## What to do
What you should repeat is the run of lines from the top of the listing below through the line with "粉色的墻壁、黃色的沙發、紅色", exactly, with no pictures.

## Data for review

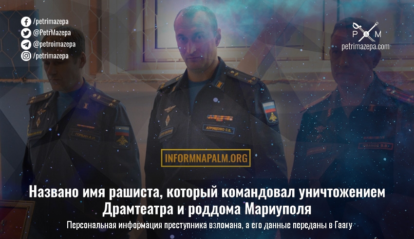 Установлена личность человека, который отдавал приказы и контролировал уничтожение Драматического театра, роддома, детской больницы и других объектов Мариуполя — это полковник Сергей Атрощенко, авиаполк которого базируется в Приморско-Ахтарске, Краснодарский край.
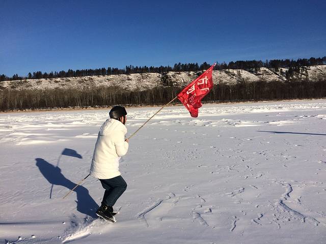 然后就走到了松花江,江边有各种冰上娱乐设施,我们并不是特别感兴趣,不过看大家玩儿的很嗨。
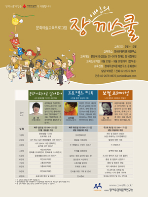 하반기 장끼스쿨 프로그램은 ▲문화기획자로 살아보기 ▲프로젝트 하루 ▲보컬 트레이닝 등 3코스로 매주 1회씩 10강좌로 진행된다.
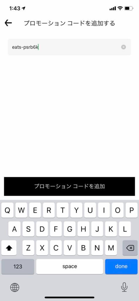 先ほどコピーしたコードを貼り付けて、「プロモーションコードを追加」を押せば完了です。
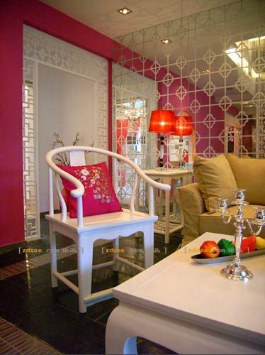 粉色的墻壁、黃色的沙發、紅色的幔帳,穿插著古色古香的中式家具和絲織品,讓人一見傾心。
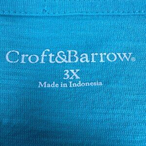 Croft & Barrow Womens Size 3X Turquoise Embroidered Button Accent Top
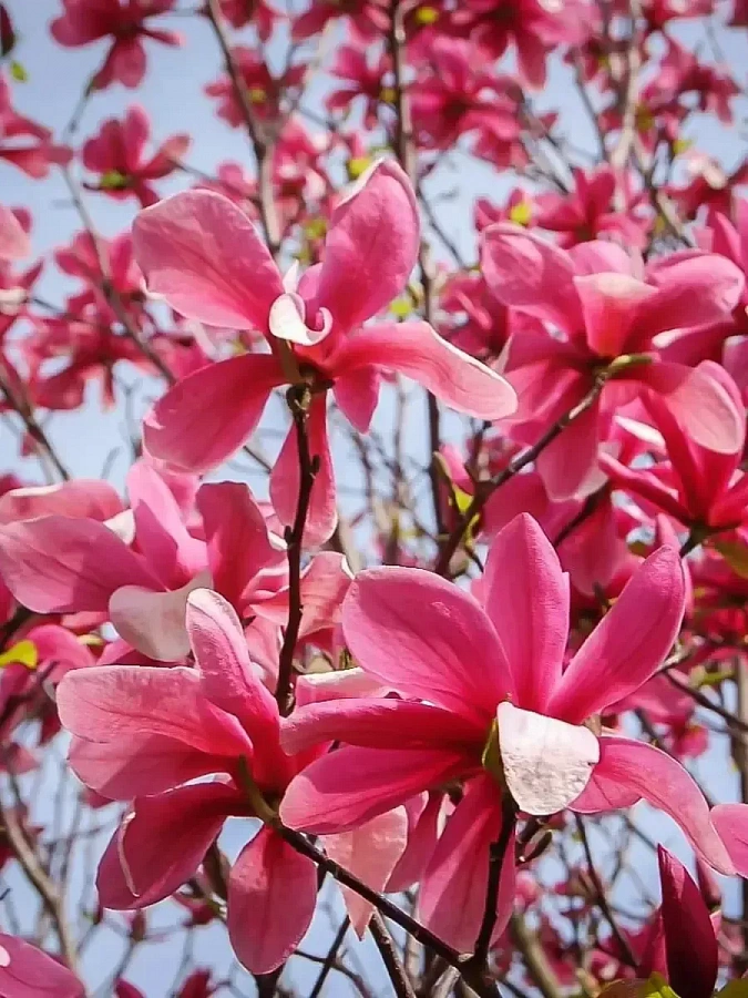 Саженцы магнолии гибридной Гэлакси (Galaxy) довольно быстро вырастают в роскошные деревья, обильно цветущие большими розовыми чашами цветов с нежными длинными лепестками. Высота взрослого растения 3-4 м. Цветение начинается раньше, чем распускаются листья. Бутоны цветков по форме напоминают лилии. Листья глянцево-зеленые, продолговатые. У крупномеров магнолии гибридной Гэлакси раскидистое ветвление и широкая крона.
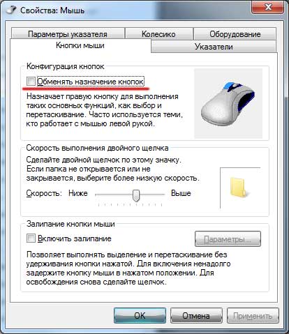 Во вкладке «Кнопки мыши» необходимо поставить флажок «Обменять назначение кнопок».
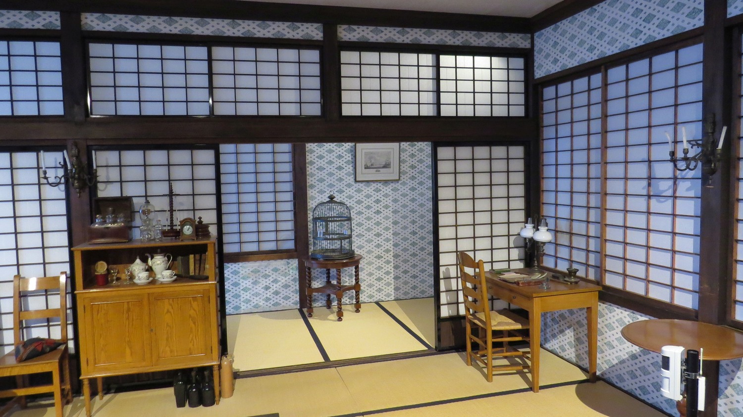 Husen i Dejima byggdes ofta av lokala arbetare, vilket kan förklara blandningen av japanskt och europeiskt. Pappersväggar och tatamigolv är typiskt japanska, men möblerna är europeiska. |
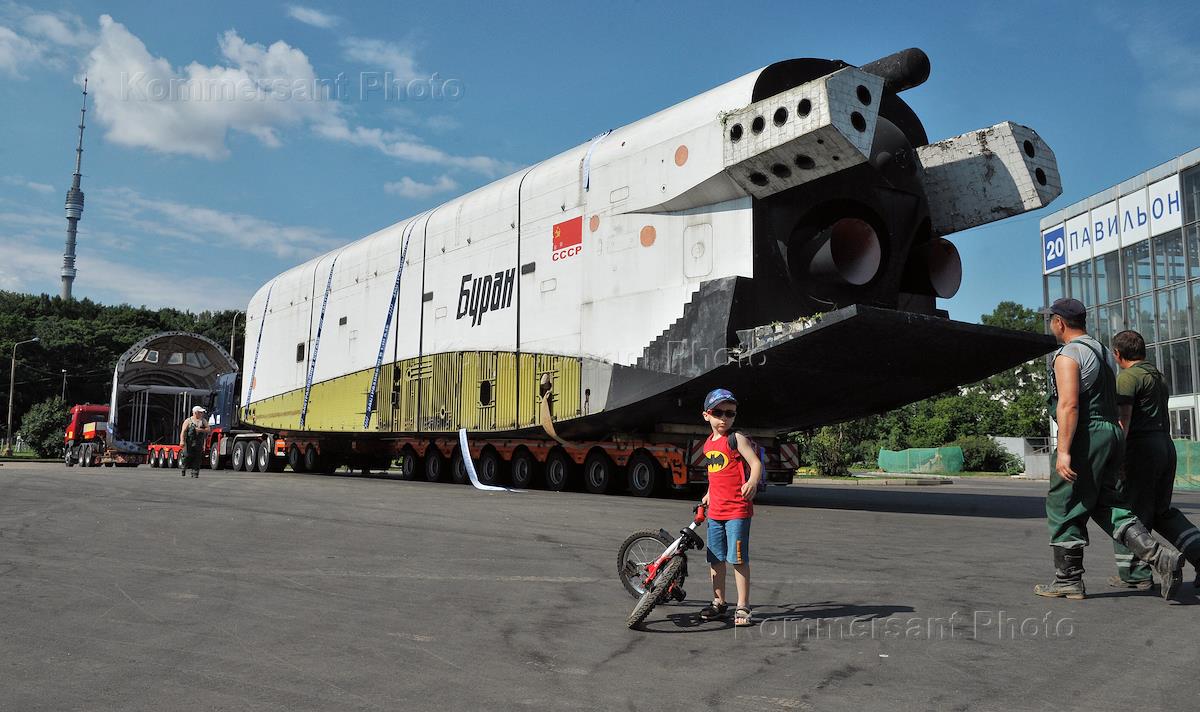 Транспортировка орбитрального корабля "Буран" с Пушкинской набережной на территорию комплекса ВДНХ.
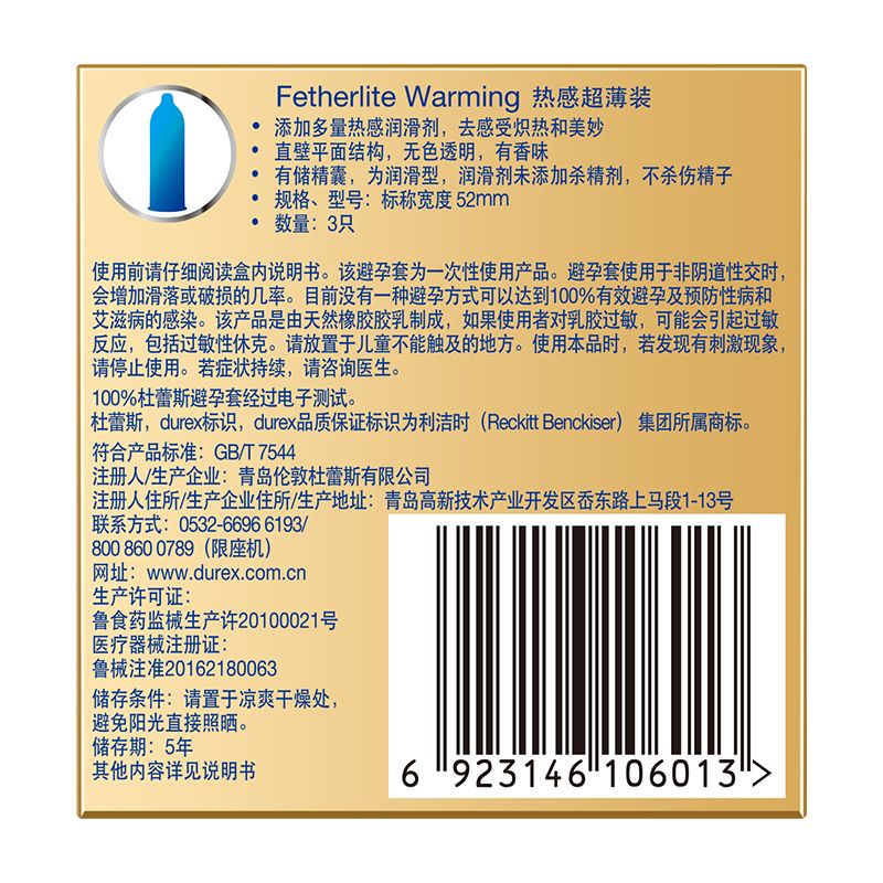 【避孕润滑】杜蕾斯热感超薄3只装
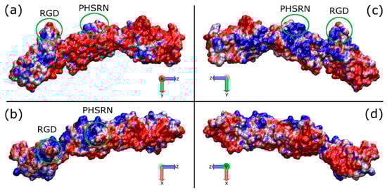 Graphical representations of the FNIII8–10 domain showing the electrostatic properties (APBS) along the long axis of the protein; (a,c) the two sides of the protein on the y-z plane, (b,d) the two sides of the protein on the x-z plane. The sides from a to d are referred to as FNa, FNb, FNc, and FNd, respectively. The areas in the green circles indicate the RGD and PHSRN sites, which are facing up in (a) and (c), pointing out from the page in (b), and into the page in (d). Red and blue indicate the negatively and positively charged domains, respectively.
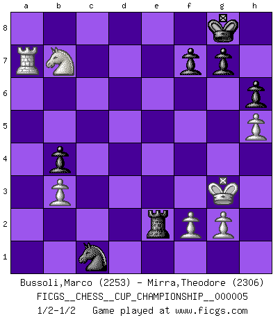 Last move : 1/2-1/2 2023 May 3 13:21:25 [Event "FICGS__CHESS__CUP_CHAMPIONSHIP__000005"] [Site "FICGS"] [Date "2023.03.23"] [Round "1"] [White "Bussoli,Marco"] [Black "Mirra,Theodore"] [Result "1/2-1/2"] [WhiteElo "2253"] [BlackElo "2306"] 1.d4 Nf6 2.c4 e6 3.Nf3 d5 4.Nc3 c6 5.e3 Nbd7 6.Bd3 dxc4 7.Bxc4 b5 8.Bd3 Bb7 9.e4 b4 10.Na4 c5 11.e5 Nd5 12.O-O cxd4 13.Nxd4 Nxe5 14.Bb5+ Nd7 15.Re1 Rc8 16.b3 Be7 17.Rxe6 O-O 18.Nc6 Rxc6 19.Rxc6 Bf6 20.Rxf6 Qxf6 21.Bb2 Ne5 22.Nc5 Nf3+ 23.Qxf3 Qxb2 24.Re1 Qc3 25.Qxc3 Nxc3 26.Nxb7 Nxb5 27.Re5 Nc3 28.Ra5 Re8 29.h4 Re1+ 30.Kh2 Re2 31.Rxa7 h6 32.Kg3 Nxa2 33.h5 Nc1 1/2-1/2 Follow this game move after move (download)Chess opens and enriches your mind. (Saudin Robovic) Ich hatte Angst gegen einen russischen Großmeister zu verlieren, und er befürchtete gegen einen kleinen Jungen zu verlieren. (über ein Remis gegen Juri Awerbach). (Robert James Fischer) Solo existe una cosa que Fischer hace en el Ajedrez sin placer: ¡perder!. (Boris Spassky) C'est une question de caractère, Beaucoup de gens perdent leur motivation très vite. D'autres, ils sont rares, peuvent la conserver très longtemps. J'aime les échecs, encore aujourd'hui je suis heureux d'analyser des parties. J'aime toujours gagner, je déteste encore perdre. Bien jouer est important pour mon intégrité intellectuelle et morale. Et puis les échecs vivent en ce moment une période historique grâce à Internet. Ils se développent dans les systèmes éducatifs à travers le monde. Ils sortent de leur ghetto, et c'est mon rôle de mener à bien cette révolution. (Gary Kasparov) The various flowers seem good to different people. (Chinese proverb)
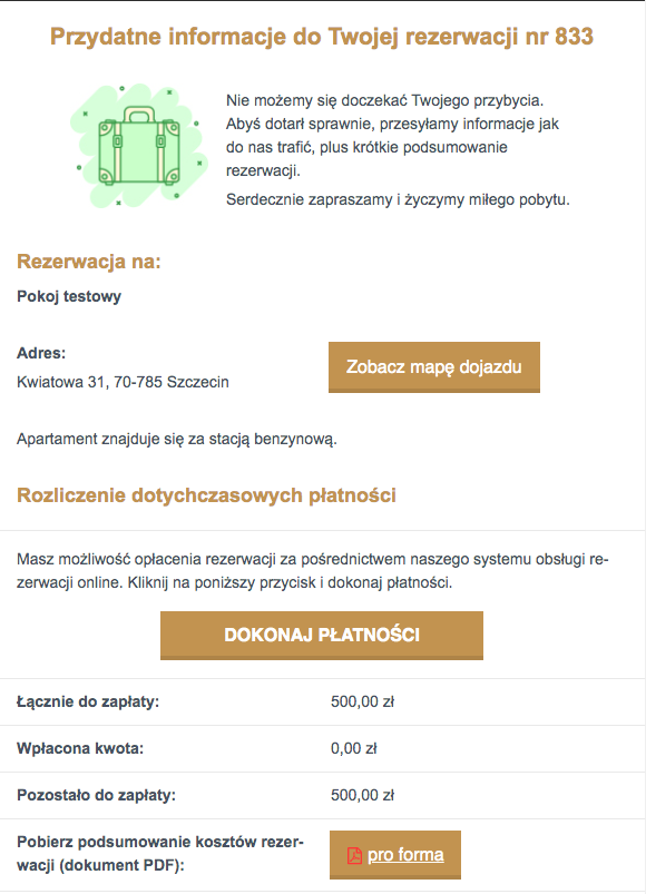 Dotychczas instrukcja dojazdu była zamieszczona w szablon e-mail z informacją o nadchodzącym pobycie, który był wysyłany dzień przed przyjazdem. Zmodernizowaliśmy zawartość tego szablonu, ograniczając jego zawartość do kluczowych informacji potrzebnych przed samym przyjazdem takich jak: krótkie podsumowanie rezerwacji, mapa dojazdu oraz instrukcja dojazdu (jeżeli została dodana).

## Answer box
 Установлена личность человека, который отдавал приказы и контролировал уничтожение Драматического театра, роддома, детской больницы и других объектов Мариуполя — это полковник Сергей Атрощенко, авиаполк которого базируется в Приморско-Ахтарске, Краснодарский край.
 然后就走到了松花江,江边有各种冰上娱乐设施,我们并不是特别感兴趣,不过看大家玩儿的很嗨。
 하반기 장끼스쿨 프로그램은 ▲문화기획자로 살아보기 ▲프로젝트 하루 ▲보컬 트레이닝 등 3코스로 매주 1회씩 10강좌로 진행된다.
 先ほどコピーしたコードを貼り付けて、「プロモーションコードを追加」を押せば完了です。
 粉色的墻壁、黃色的沙發、紅色的幔帳,穿插著古色古香的中式家具和絲織品,讓人一見傾心。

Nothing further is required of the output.